Character classes and anchors affect regex performance. Specific character ranges like [0-9] perform better than broad classes like \w. Anchoring patterns to string boundaries with \A and \z prevents unnecessary backtracking when matches cannot exist.

# Slower - allows backtracking through entire string
/email: .+@.+\..+/

# Faster - anchored pattern with specific character classes
/\Aemail: [a-zA-Z0-9._%+-]+@[a-zA-Z0-9.-]+\.[a-zA-Z]{2,}\z/

Common Pitfalls

Case sensitivity in string matching catches many developers unexpectedly. String methods like #include? and #index perform exact character matching, while regular expressions require explicit case-insensitive flags.

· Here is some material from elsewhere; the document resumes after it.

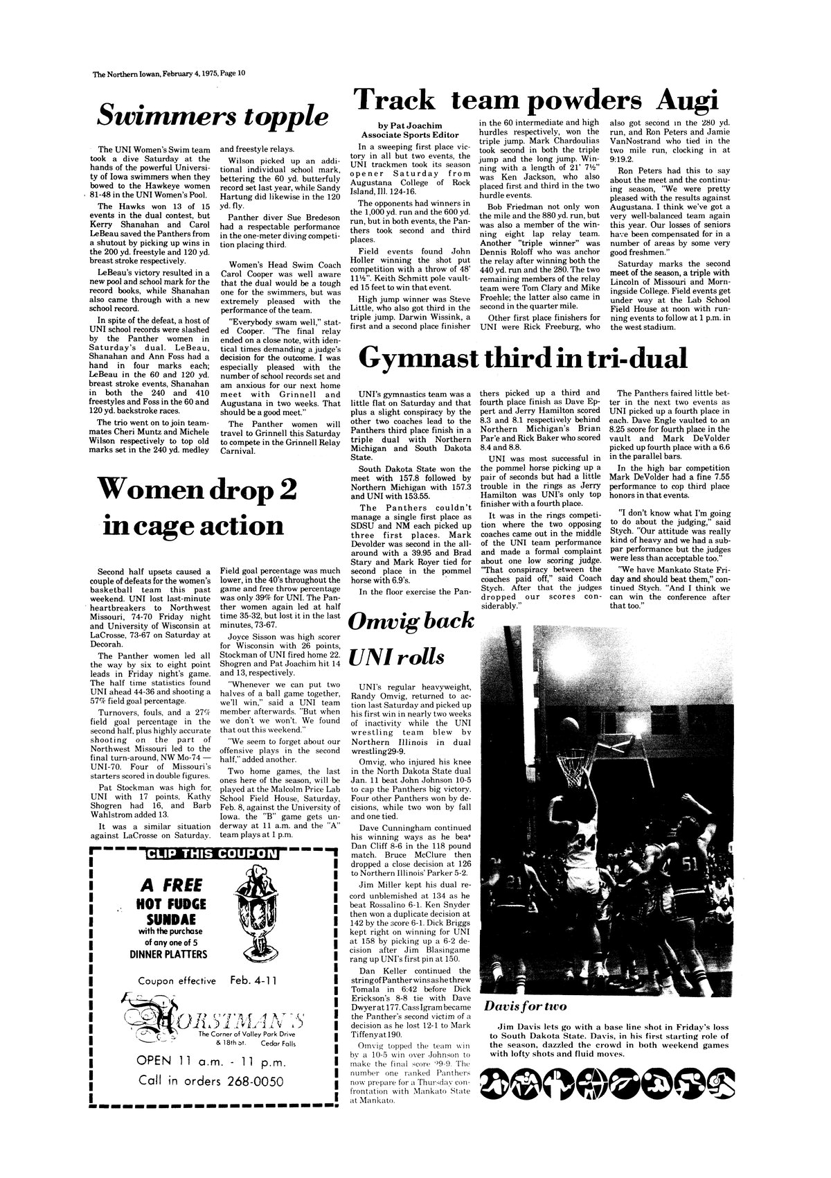 | Swimmers topple | UNI lost to Iowa on Saturday. |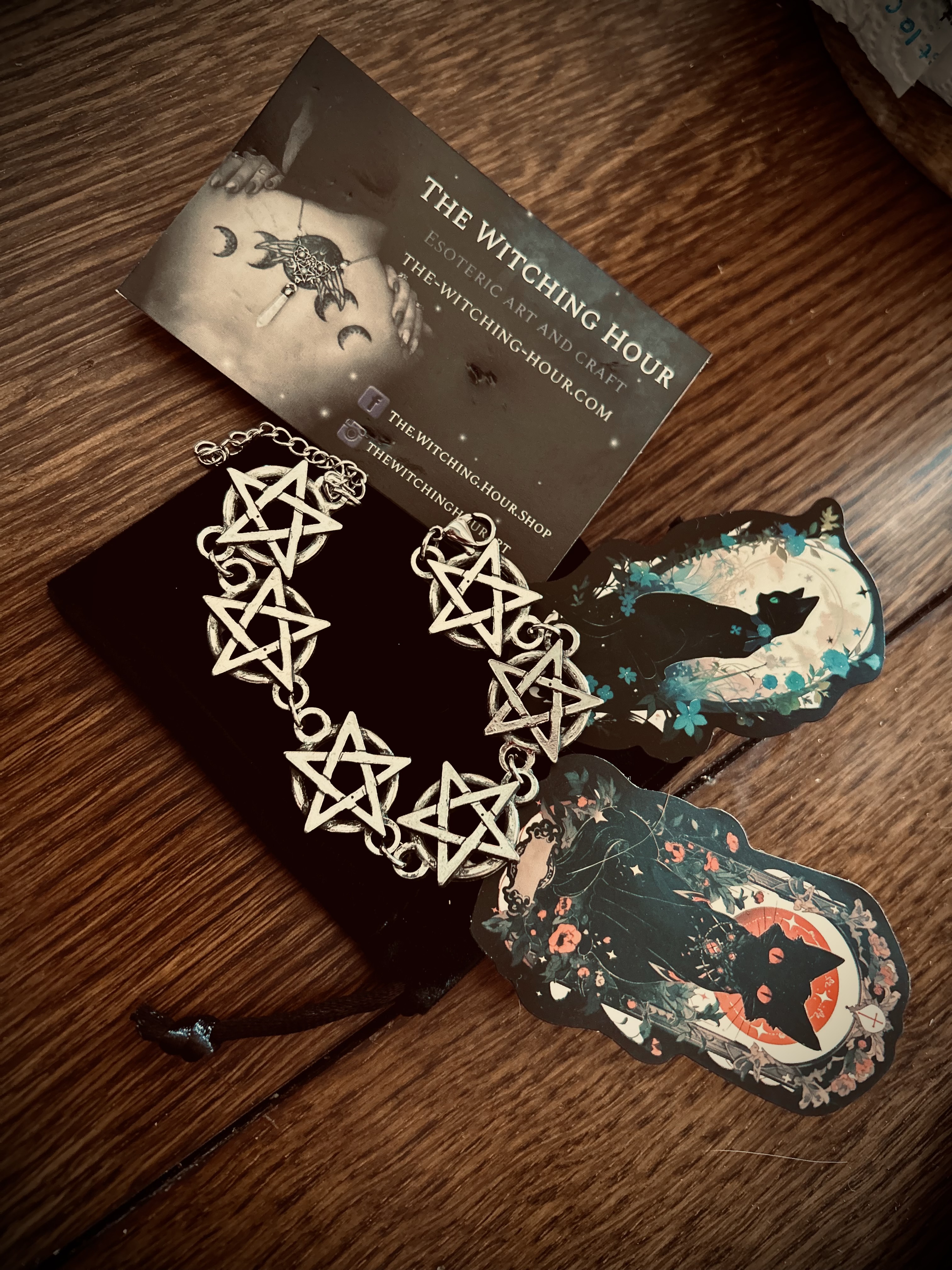 This bracelet consists of six pewter pentagrams and an adjustment chain. The pentagram symbolizes the union of the spirit with the natural elements (water, earth, air and fire) in the immensity of the universe.

text = "Ruby Programming Language"

# Case-sensitive matching fails
text.include?("ruby")          # => false
text.match(/ruby/)             # => nil

# Solutions
text.downcase.include?("ruby") # => true
text.match(/ruby/i)            # => #<MatchData "Ruby">

Regular expression escaping becomes problematic when dynamically constructing patterns from user input. Special regex characters like ., *, +, ?, [, ], {, }, (, ), ^, $, |, \ require escaping to match literally.

user_input = "What costs $5.99?"

# Dangerous - treats . and $ as regex metacharacters
text.match(/#{user_input}/)

# Safe - escapes special characters
escaped = Regexp.escape(user_input)
text.match(/#{escaped}/)
# Matches literal "$5.99" instead of treating $ as end anchor

Global variable pollution occurs when multiple regex operations overwrite match information. The $1, $2, etc., variables update after each successful match, creating race conditions in concurrent code and unexpected behavior in complex parsing logic.

def parse_version(text)
  text.match(/v(\d+)\.(\d+)/)
  major = $1  # Potentially overwritten by nested call
  minor = $2
  [major, minor]
end

def parse_build(text)
  text.match(/build-(\d+)/)
  $1  # Overwrites global variables from parse_version
end

# Better approach - use MatchData directly
def parse_version(text)
  match = text.match(/v(\d+)\.(\d+)/)
  return nil unless match
  [match[1], match[2]]
end

Encoding mismatches cause unexpected behavior when searching strings with different character encodings. Ruby's string methods operate on byte sequences, not logical characters, leading to failed matches when encodings differ.

utf8_string = "Café".encode('UTF-8')
latin1_pattern = /Caf/.encode('ISO-8859-1')

# Encoding mismatch causes exception
utf8_string.match(latin1_pattern)
# => Encoding::CompatibilityError

# Solution - ensure compatible encodings
utf8_pattern = latin1_pattern.encode('UTF-8')
utf8_string.match(utf8_pattern)
# => #<MatchData "Caf">

Greedy quantifiers in regular expressions match more text than expected, particularly with patterns containing .+ or .*. These quantifiers consume characters until they reach the end of the string, then backtrack to find the minimal match required.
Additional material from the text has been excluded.